RECORDS FOR PROCESSING:
-- Opening Marker --

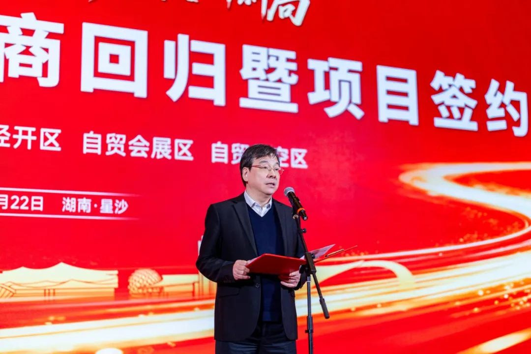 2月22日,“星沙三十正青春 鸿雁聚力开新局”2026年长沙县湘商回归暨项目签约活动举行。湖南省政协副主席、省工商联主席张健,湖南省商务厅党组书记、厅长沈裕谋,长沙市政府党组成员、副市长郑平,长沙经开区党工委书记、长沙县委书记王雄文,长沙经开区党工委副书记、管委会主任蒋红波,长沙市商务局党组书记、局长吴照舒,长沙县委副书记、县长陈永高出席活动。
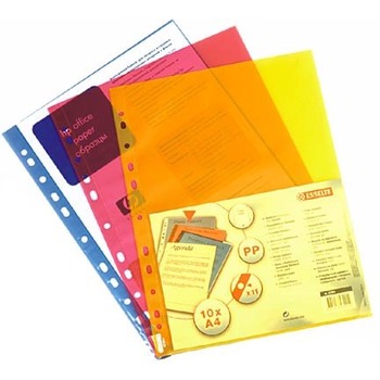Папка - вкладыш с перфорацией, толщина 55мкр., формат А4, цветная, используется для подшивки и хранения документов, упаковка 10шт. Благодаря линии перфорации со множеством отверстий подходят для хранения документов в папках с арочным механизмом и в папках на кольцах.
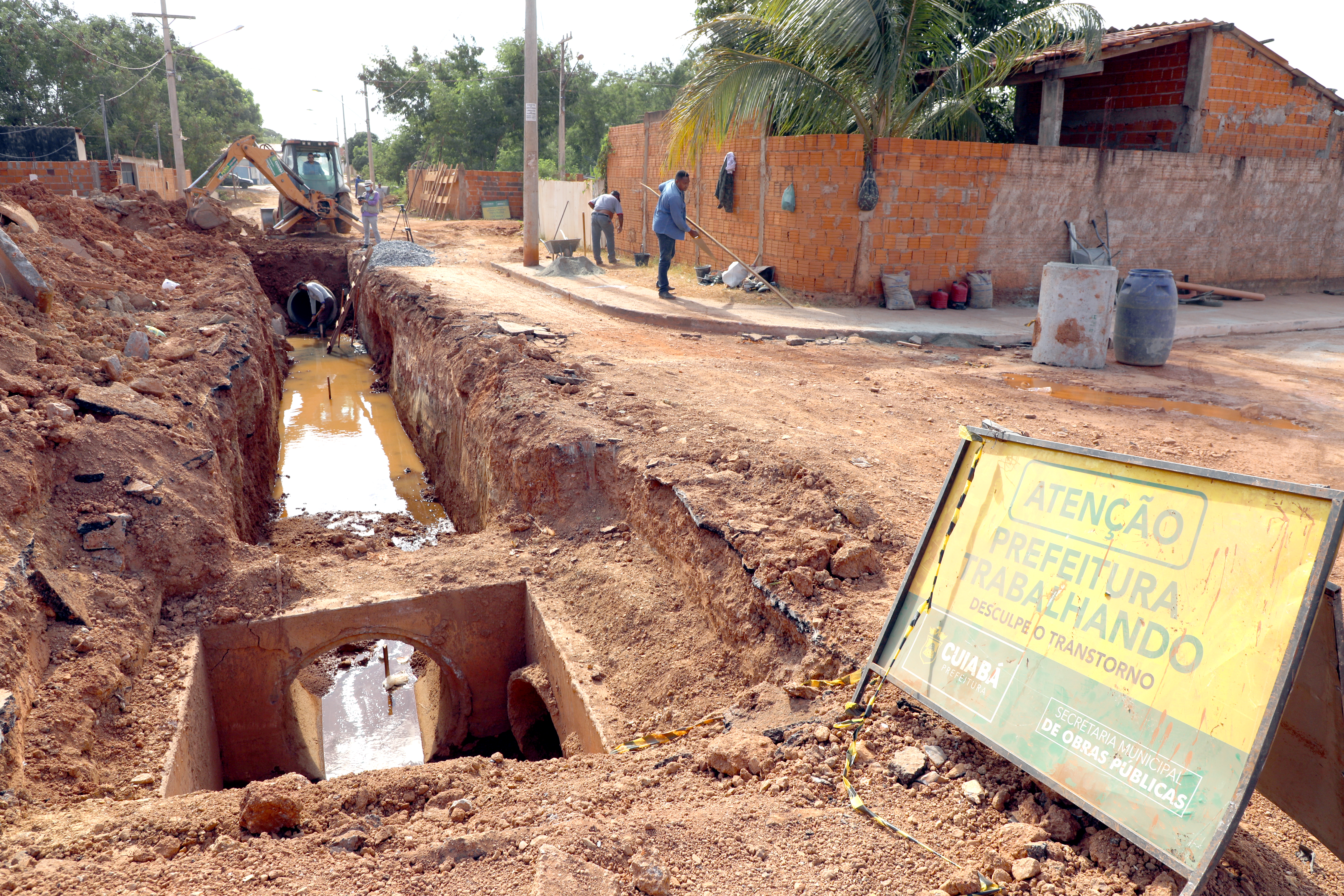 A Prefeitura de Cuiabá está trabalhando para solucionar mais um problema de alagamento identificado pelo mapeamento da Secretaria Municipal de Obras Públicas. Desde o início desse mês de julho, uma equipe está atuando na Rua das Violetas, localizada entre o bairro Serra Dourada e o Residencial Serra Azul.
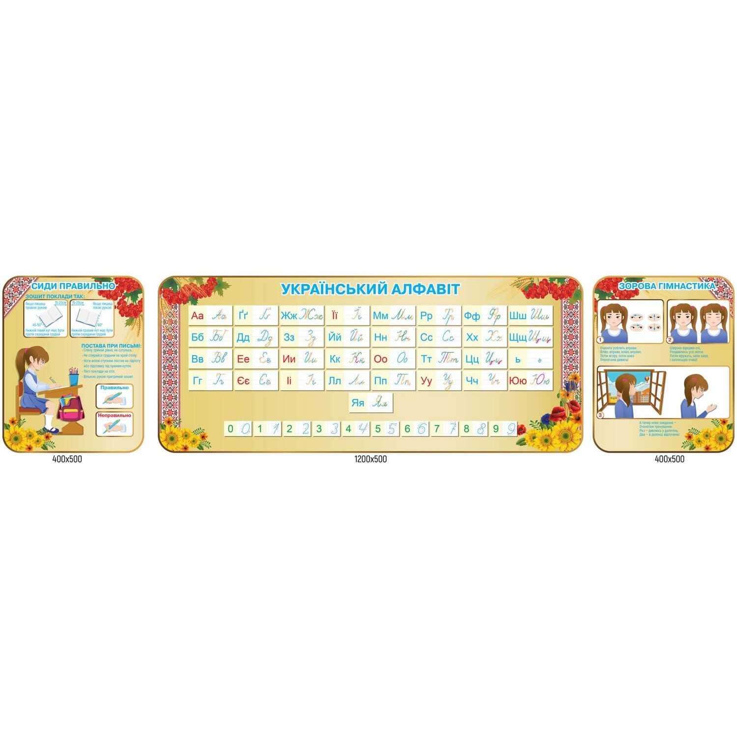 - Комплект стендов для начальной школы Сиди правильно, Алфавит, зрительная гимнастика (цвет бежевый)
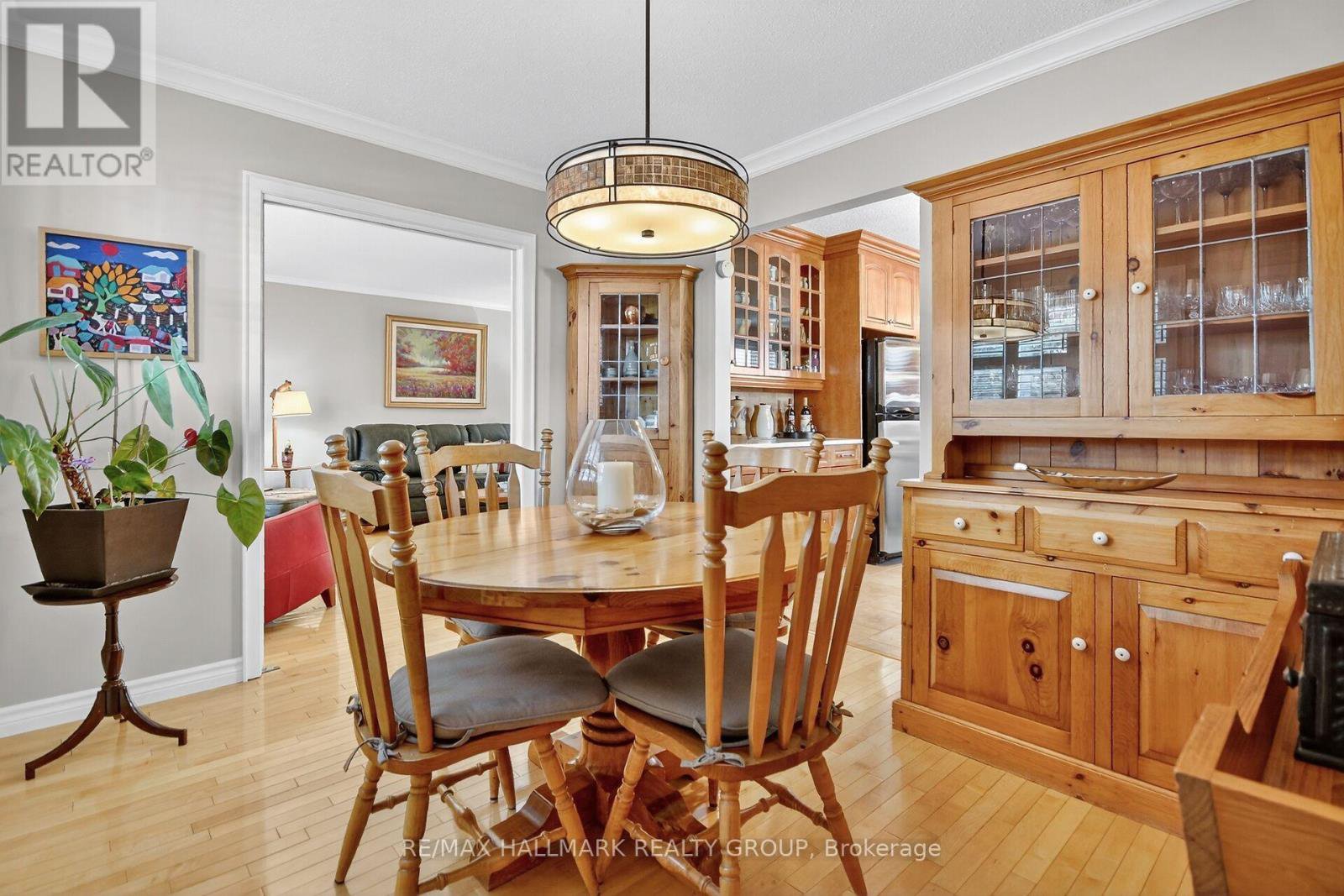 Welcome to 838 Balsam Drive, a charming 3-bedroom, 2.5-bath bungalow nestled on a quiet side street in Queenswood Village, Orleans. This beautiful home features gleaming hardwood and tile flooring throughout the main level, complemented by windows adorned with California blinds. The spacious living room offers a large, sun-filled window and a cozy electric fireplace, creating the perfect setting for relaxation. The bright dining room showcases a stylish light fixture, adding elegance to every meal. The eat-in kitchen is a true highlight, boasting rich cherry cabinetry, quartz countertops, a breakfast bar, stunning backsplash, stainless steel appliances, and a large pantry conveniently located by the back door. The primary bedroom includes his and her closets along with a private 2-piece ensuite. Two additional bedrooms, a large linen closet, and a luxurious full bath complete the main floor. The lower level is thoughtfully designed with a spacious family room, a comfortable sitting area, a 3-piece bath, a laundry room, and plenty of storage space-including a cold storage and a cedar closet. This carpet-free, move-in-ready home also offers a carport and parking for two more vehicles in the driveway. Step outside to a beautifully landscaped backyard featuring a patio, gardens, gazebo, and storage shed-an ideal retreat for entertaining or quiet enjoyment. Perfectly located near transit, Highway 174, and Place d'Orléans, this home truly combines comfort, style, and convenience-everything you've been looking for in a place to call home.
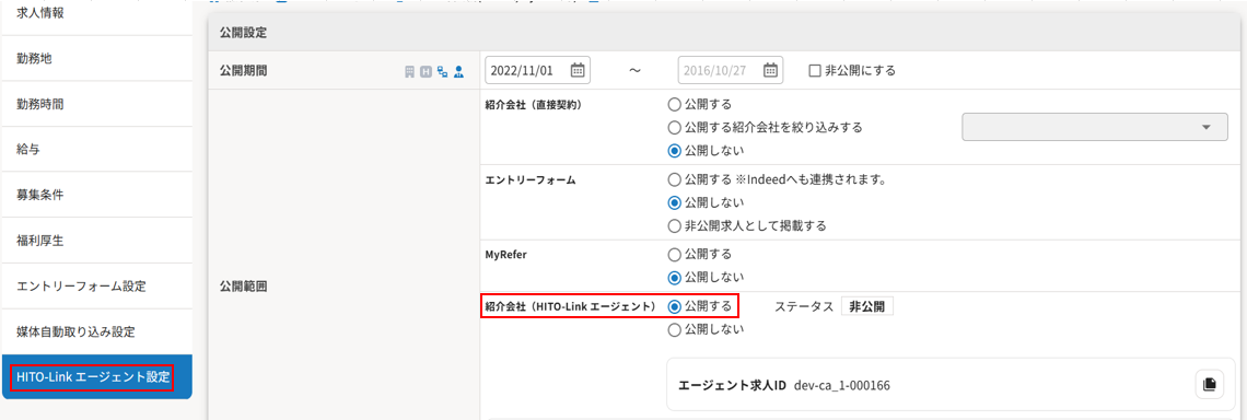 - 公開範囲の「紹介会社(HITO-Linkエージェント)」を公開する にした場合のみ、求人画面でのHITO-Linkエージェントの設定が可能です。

-- Closing Marker --
-- Opening Marker --

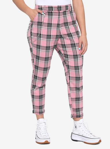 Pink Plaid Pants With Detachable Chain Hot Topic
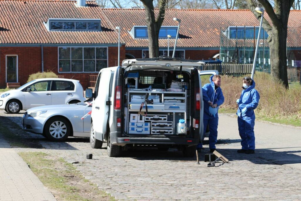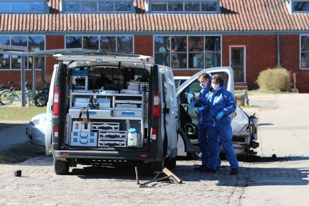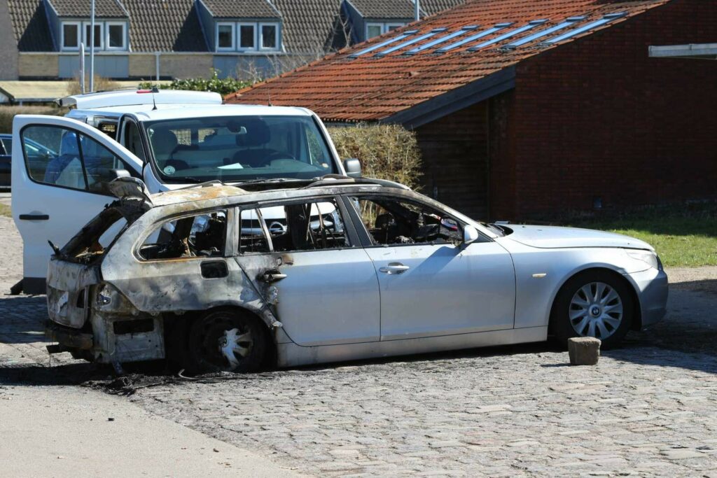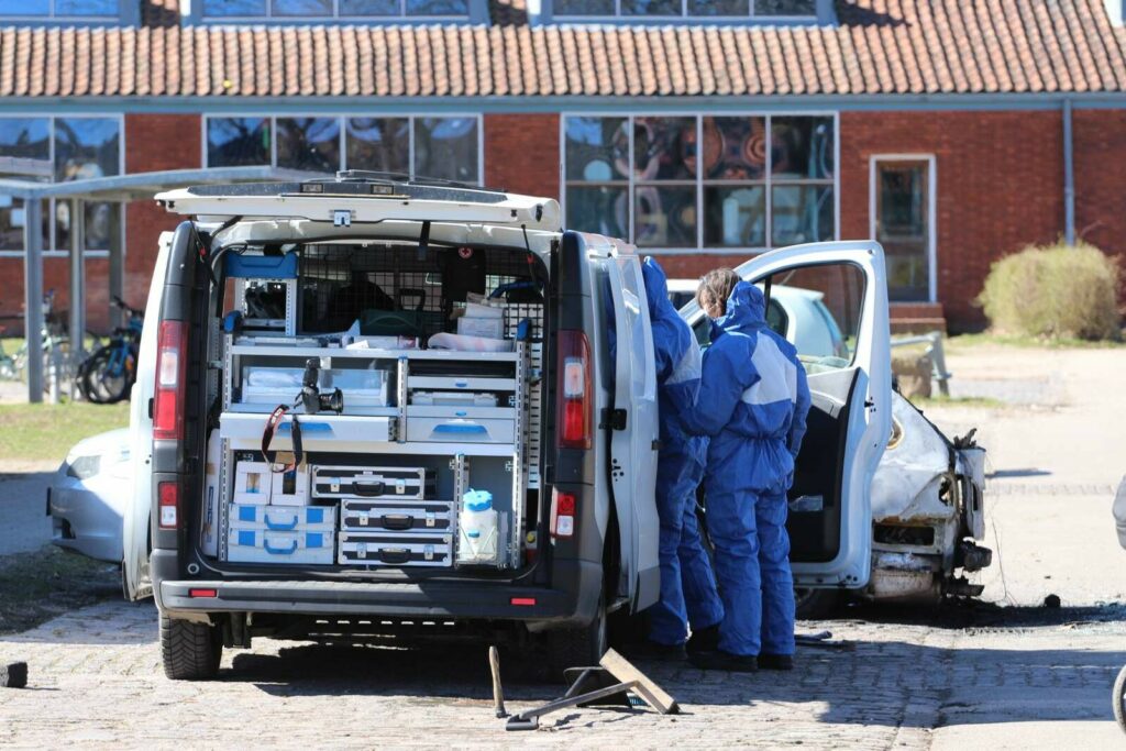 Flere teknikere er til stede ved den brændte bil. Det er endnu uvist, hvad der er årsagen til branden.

-- Closing Marker --

TASK DETAILS:
Copy nothing but the lines above that run from the one with "Pink Plaid Pants" to the one with "Flere teknikere er", ends included; pictures stay out.

EXPECTED ANSWER:
 Pink Plaid Pants With Detachable Chain Hot Topic
 Flere teknikere er til stede ved den brændte bil. Det er endnu uvist, hvad der er årsagen til branden.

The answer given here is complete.